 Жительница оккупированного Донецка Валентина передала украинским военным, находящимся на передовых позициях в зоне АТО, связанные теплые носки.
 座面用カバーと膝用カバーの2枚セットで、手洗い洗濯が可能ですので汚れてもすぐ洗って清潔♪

::::::::

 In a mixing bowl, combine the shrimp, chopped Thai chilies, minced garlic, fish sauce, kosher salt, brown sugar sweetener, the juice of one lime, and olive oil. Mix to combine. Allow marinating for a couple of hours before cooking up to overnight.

::::::::

TASK GOAL: Copy only this part of the entries above: the line with "Жительница оккупированного Донецка", the line with "座面用カバーと膝用カバーの2", and the lines between, all exactly as written.

ANSWER TO THE PROBLEM:
 Жительница оккупированного Донецка Валентина передала украинским военным, находящимся на передовых позициях в зоне АТО, связанные теплые носки.
 座面用カバーと膝用カバーの2枚セットで、手洗い洗濯が可能ですので汚れてもすぐ洗って清潔♪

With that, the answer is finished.